Bay of Islands (sorry for yucky pic)





*
Notes:*
Winter is best time to go, I don't know everyone is so hung up on going to NZ and OZ during the summer months, for photographers going after dramatic lighting - winter is the time to be there! Also less crowds. Warning this is one of the most beautiful places in the world, you may find yourself spending more time here than intended!


----------



## cmb50 (May 2, 2004)

Excellent report vonnagy, sounds like you had a lot of fun.

Winter certainly is the best time to visit here for the purpose of Photography. However Summer is better for everything else. I stay at a friends place reguarly in Apollo Bay and just love it there.
The beaches are very clean and clear to the point where while swimming just out of Apollo Bay one afternoon, i caught a crab in about 1mt of surf. Big bugger too and tasted fantastic!   

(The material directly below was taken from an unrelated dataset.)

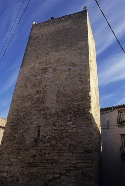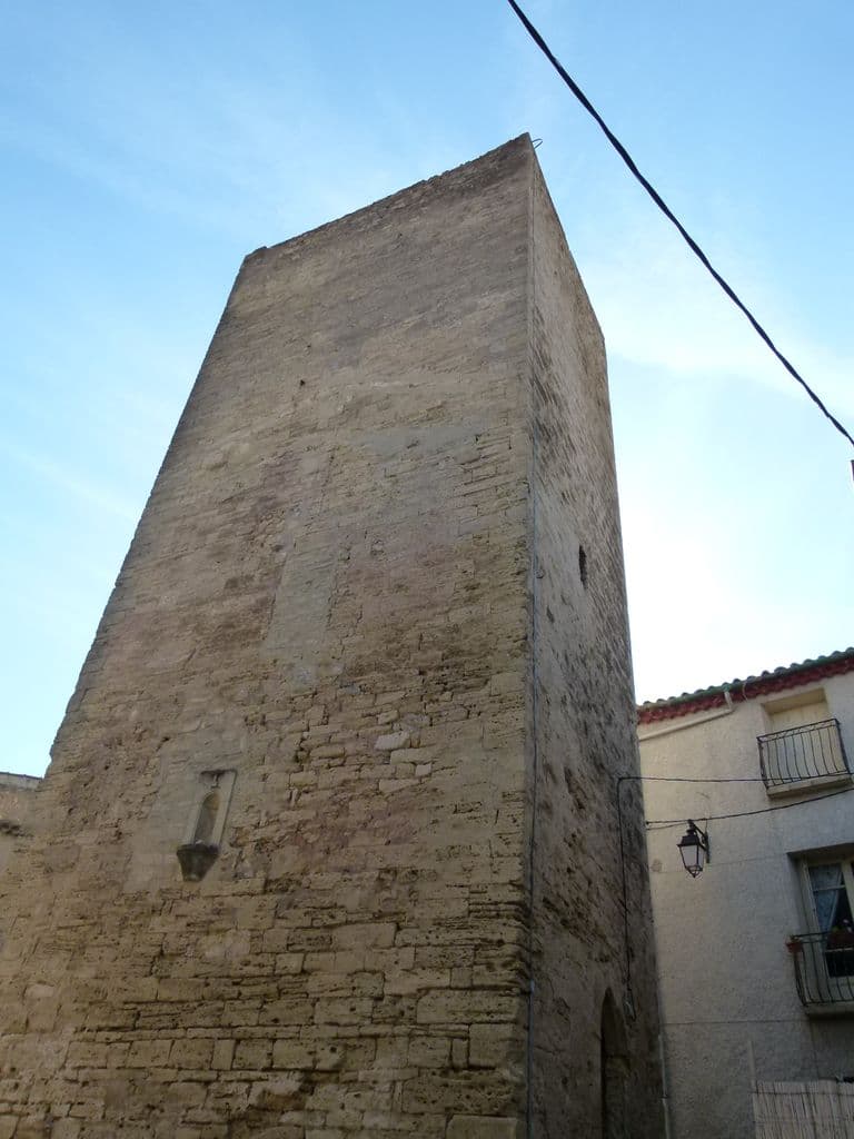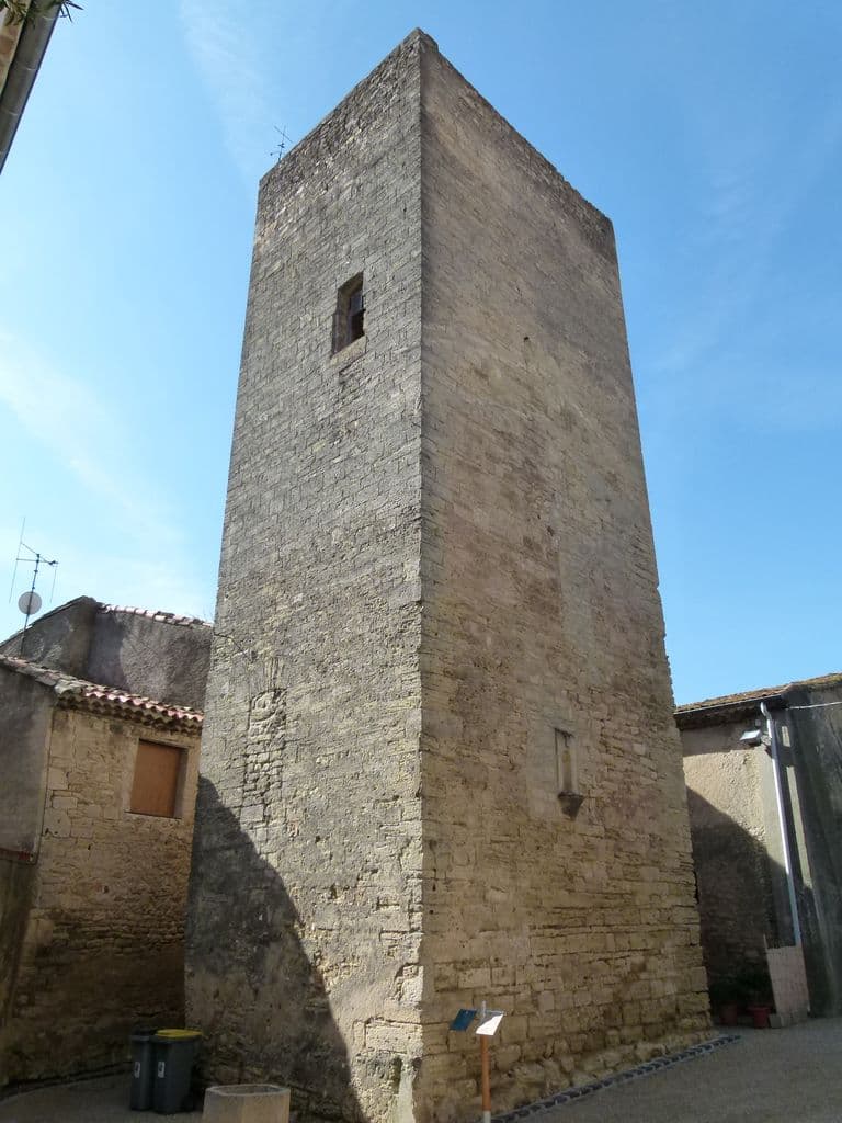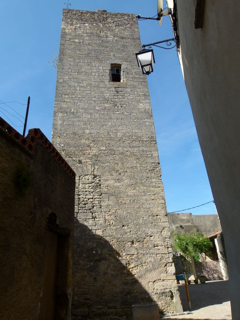 Il sagit dune tour-beffroi datant du 12ème siècle. Elle assumait un rôle de surveillance mais aussi symbolique comme affirmation du pouvoir seigneurial. La fonction dhabitat y est quasiment nulle et les surfaces réduites et exigües. Cette tour possède trois niveaux voûtés en berceau : le premier niveau servait habituellement de stockage. Laccès aux deuxième et troisième niveaux se faisait, à lorigine, par la porte haute de létage (aujourdhui murée). La terrasse sommitale supporte le campanile et sa cloche. Au 17ème siècle, la tour fut utilisée comme grenier à sel et, au 19ème siècle, une horloge mécanique fut installée.

The forrest's surrounding Apollo Bay and Skeene's creek are also worth checking out. There are some amazing waterfalls and breath taking scenery.


----------



## Luminosity (May 28, 2004)

Sigh ..... ohhh Vonn ya makin me wanna go cruising up the GOR after I finish work today ! Its Saturday and I knock off at 1pm and that would go down wellll , just jump in a car and spend the day fishing and taking pics and breathing all that beautiful fresh ocean air.... and let the week fall away ahhh.
How many times ya gone down GOR ?


----------



## manda (May 29, 2004)

I was in Melbourne almost a year ago and unfortunately didnt get to go along the GOR. I was very disappointed.


----------



## vonnagy (May 29, 2004)

*sigh* only been down GOR once, but I took a week and a half to do it. To me its the most awesome/scenic road in the world. The west coast highways in the south island are awesome too, but specular colouration of the limestone cliffs around port campbell are second too none.  I wanna go back!

have you been to the grampians? thats a lovely area as well if you get the time.

*i miss oz* :cry:



			
				Luminosity said:
			
		

> Sigh ..... ohhh Vonn ya makin me wanna go cruising up the GOR after I finish work today ! Its Saturday and I knock off at 1pm and that would go down wellll , just jump in a car and spend the day fishing and taking pics and breathing all that beautiful fresh ocean air.... and let the week fall away ahhh.
> How many times ya gone down GOR ?


----------



## Luminosity (May 31, 2004)

I think I was taken to the Grampians when I was a tot , by my mum. Thats another area that would be awesome to see.
Manda ya just betta get ya butt back down to Melbourne so ya can go cruisin , girl 
And that goes for you too Vonn


----------